I love a pun. What is not to love?! Tweaking a phrase to create layered meaning is a damn fine use of anyone’s time. A good pun tickles the back of your head, it inspires mental gymnastics as you crane to create several links in you brain at once.

It can win friends or make perfect strangers laugh on trains. I have, on several occasions, made people on trains laugh out loud simply by casually changing the name of a foolish acquaintance from ‘Patterson’ to ‘Twatterson’. Simple and deadly effective. Check out the evidence:

  • My mum, ever the ideas woman, wanted to open a shop selling nautical second hand items. The shop title: Nauti secs. Don’t deny that didn’t raise a snicker at least!
  • Newspapers love a pun. The erstwhile Channel 4 show ‘The Big Breakfast’ lauded the ‘Pun of the Week’ segment, a spot enormously enjoyed across the UK.
  • There is the famous kebab van in Bristol called ‘Jason Donnervan’. I challenge anyone not to applaud that work of genius.
  • And finally: the Halal butchers named ‘Halal, is it meat you’re looking for?’. The more tortured the better.

Tabloids use them, shopkeepers use them. They bring a silly kind of joy.

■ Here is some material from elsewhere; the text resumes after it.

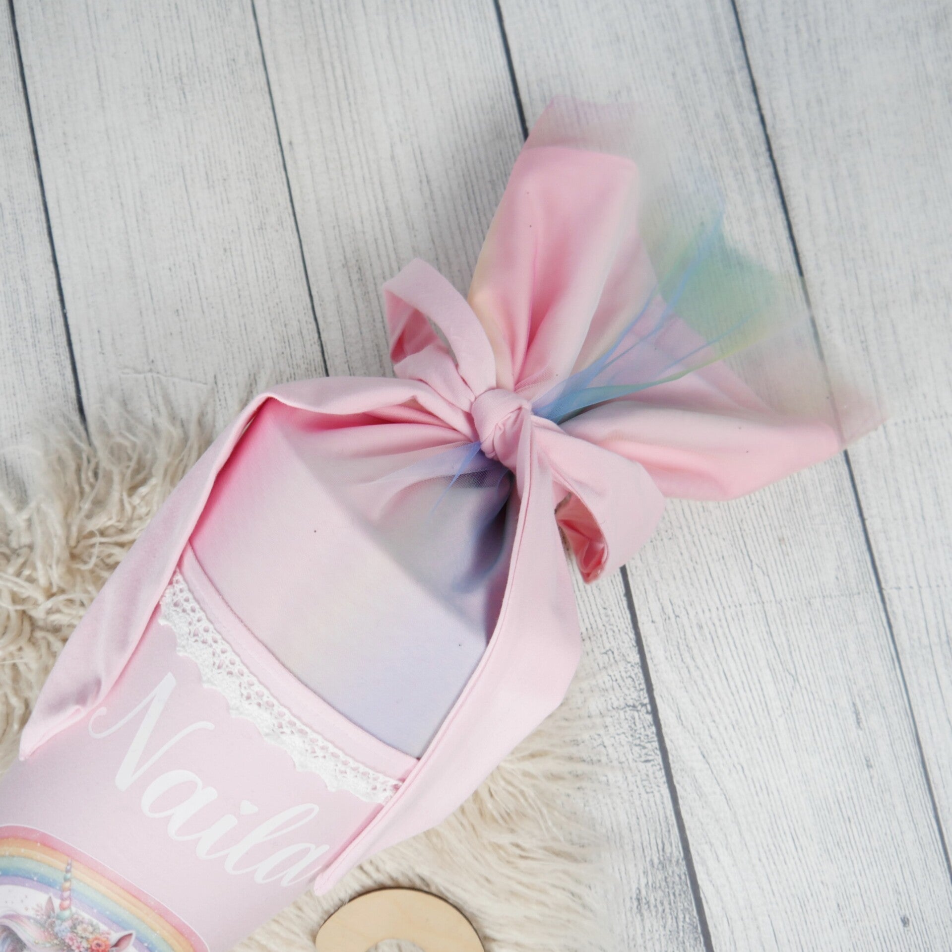 Schultüte Rainbow Unicorn Hellrosa mit Tüll 70cm / 85cm

They are a diverse form of communication…yet…

It is a truth puniversally acknowledged, that a human in possession of a sense of humour must be in want of a laugh.

Jane Austen (mostly...)

…many people hate puns.

Ricky Gervais has called them the “lowest form of wit”.

Presumably as sarcasm is the highest in his opinion, opening up the ground floor for a new loser. Even if you despise them, you cannot get away from them. They have more uses than just to make people gasp, snigger, groan. They have political validity. They can be crushingly painful.

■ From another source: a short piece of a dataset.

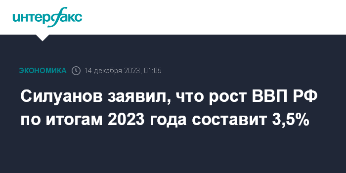 Москва. 14 декабря. INTERFAX.RU - Российский ВВП по итогам 2023 года вырастет на 3,5%, заявил министр финансов РФ Антон Силуанов в интервью, опубликованном в четверг в газете "Известия".
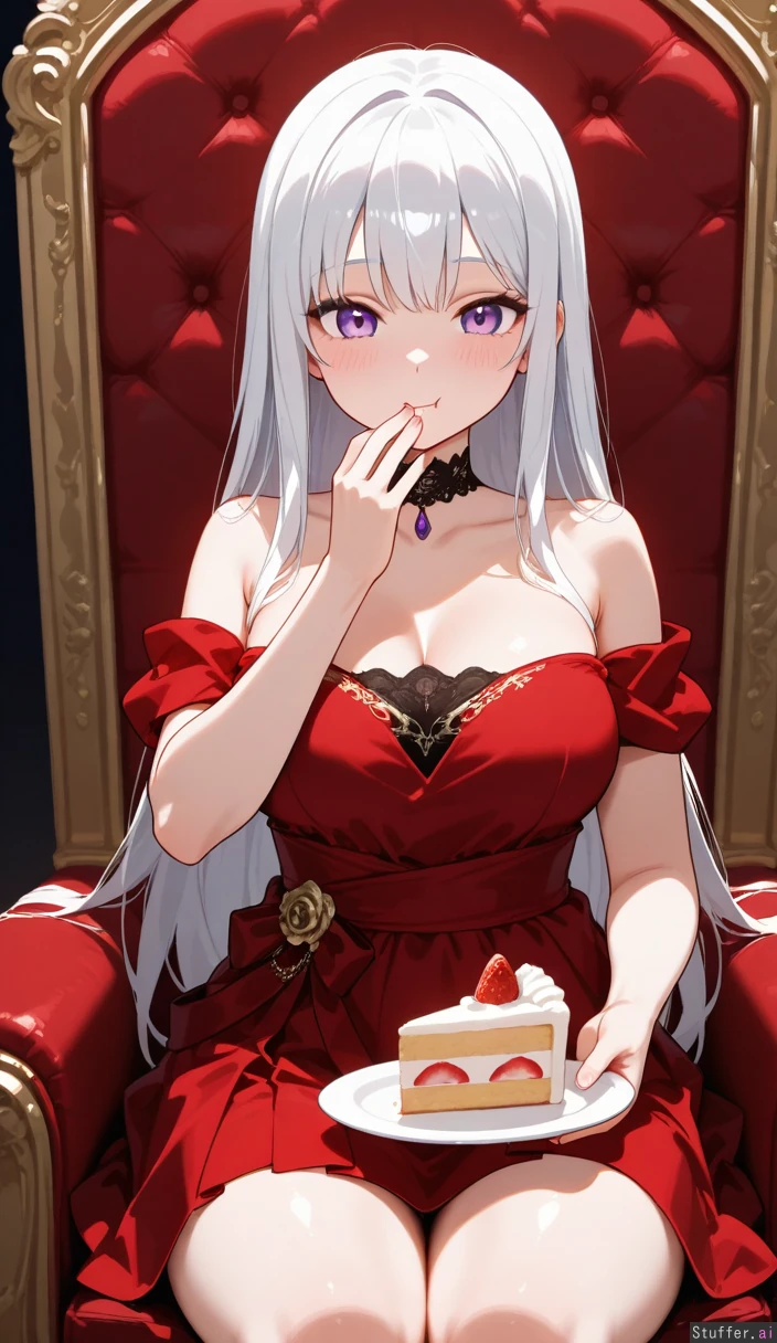 White hair, straight hair, long hair, purple eyes, Red white and black royal dress, choker, Sitting on throne, happy, eating slice of cake, blushing, (((Thighs:0.6))), (((breasts:0.6))), (((hips:0.6))), (((belly:1.0))), (((chubby arms:0.2))) Viewed from front,

Yes, dear reader, a pun can have weight. And this light-hearted look at the joy of punnery has indeed taken a turn. We all know those puns that deal with and flip the meaning of borderline offensive ideas, but the myriad ways in which meaning is imbued can be used to change the world, to revolt and reclaim power. Somewhat ironically, when looking at Orwell’s dystopian fiction ‘1984’, you can see puns at play.

Within the world of the novel, language is stripped of nuance, simultaneously creating an eroded selection of words that can mean many things, or only one thing when necessary. When expressing agreement, happiness or consent, “Good”, “plus good” and “double plus good” cuts out any room for exaggerated excitement.

It dulls the senses and keeps the protagonist and proles in line. Joyous expression is so individual – remove the nuance, you remove the individual. The destruction of creative language in the book curbs the minds of the people we meet, it is entirely chilling, and an incredibly viable tool.

In 2014, China actually banned the use of puns in the media, announcing that puns could incite “cultural and linguistic chaos”.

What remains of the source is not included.